May 22, 2007
LANSING - With gas prices in Michigan reaching record highs, Governor Jennifer M. Granholm today submitted testimony to Congress on the escalating cost and volatility of gas prices across the nation. Granholm also joined other Democratic governors in asking President Bush to produce legislation that would define gas price gouging and press oil companies to resolve refinery capacity issues affecting the high price of gasoline.
Granholm was invited to testify by House Oversight and Investigations Subcommittee Chairman Bart Stupak (D-Mich) because of her experience battling artificially high gas prices as governor and as attorney general. The governor's testimony was presented by Stanley Pruss, deputy director of the Michigan Department of Environmental Quality, who has worked closely with the governor on gasoline price gouging issues.
"The bottom line is simply this: Americans today are being compelled to transfer the contents of their wallets to big oil," Granholm wrote in her testimony. Granholm cited a Government Accountability Office (GAO) report that said while oil companies have been engaged in mergers, acquisitions, and joint ventures that have yielded record profits, consumers have suffered with continually escalating prices. Currently, the average price for gasoline in Michigan is $3.43 per gallon, a record high. The previous record was set last August at an average of $3.09 per gallon.
"The failure of the Bush Administration and past Congresses to curb the abuses of the existing unregulated environment has wrought great harm on the American consumer, imposing additional economic hardships while enriching corporate interests with unprecedented and unconscionable excess profits," Granholm added. "The time for effective federal action is long overdue."
The letter to President Bush Granholm cosigned with 16 Democratic governors asks for his assistance to press oil companies to invest their profits in fixing refinery capacity issues, a key problem that affects the price of gas during the summer driving season. The governors also asked the president to work with Congress to produce federal legislation that would define gas price gouging and prosecution of antitrust and commodities violations.

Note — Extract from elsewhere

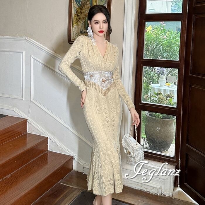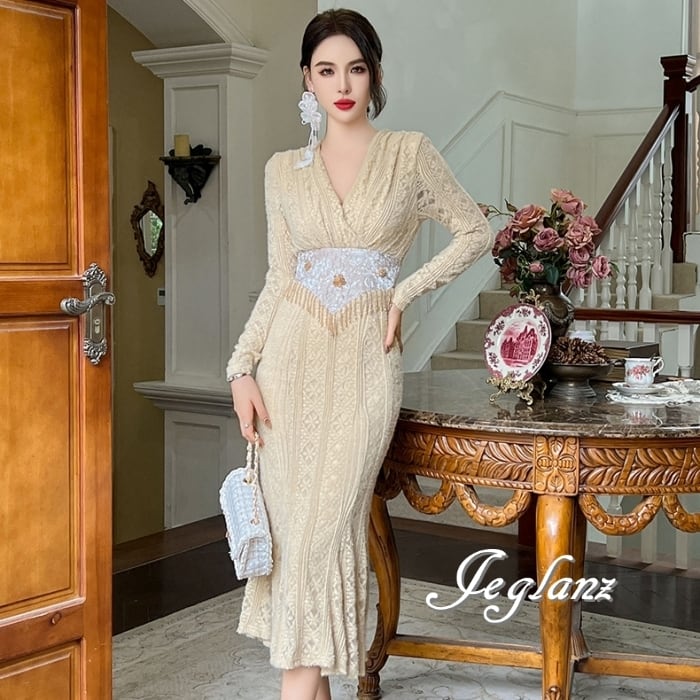 パーティ ドレス ワンピース 刺繍 レース ビジューフリンジ ♪ (MB253)ζ

Congressman Stupak is the sponsor of legislation that would define gas price gouging and make it a federal crime. Granholm supports this legislation and said, "Grossly excessive profits resulting from rampant, unchecked market practices must be brought under control."
Last week, Granholm joined a bipartisan group of 21 governors in a letter to the congressional leaders of both parties requesting that the U.S. Congress initiate a bipartisan inquiry into rising gas prices. The letter called into question the validity of current prices, considering the lack of influential geo-political events and weather crises.
This is the latest step in Governor Granholm's efforts to protect Michigan consumers at the pump. Granholm has:
- worked with Marathon Oil to get the company to lower their gas prices by 40 cents after Hurricane Katrina;
- significantly increased the penalties for gas gougers, while doubling the number of state inspectors looking for gas gouging;
- signed legislation providing incentives to service stations that install ethanol and biodiesel pumps to help make Michigan and the nation independent of foreign oil; and,
- invested in alternative energy through the 21st Century Jobs Fund to make Michigan a leader in this emerging industry.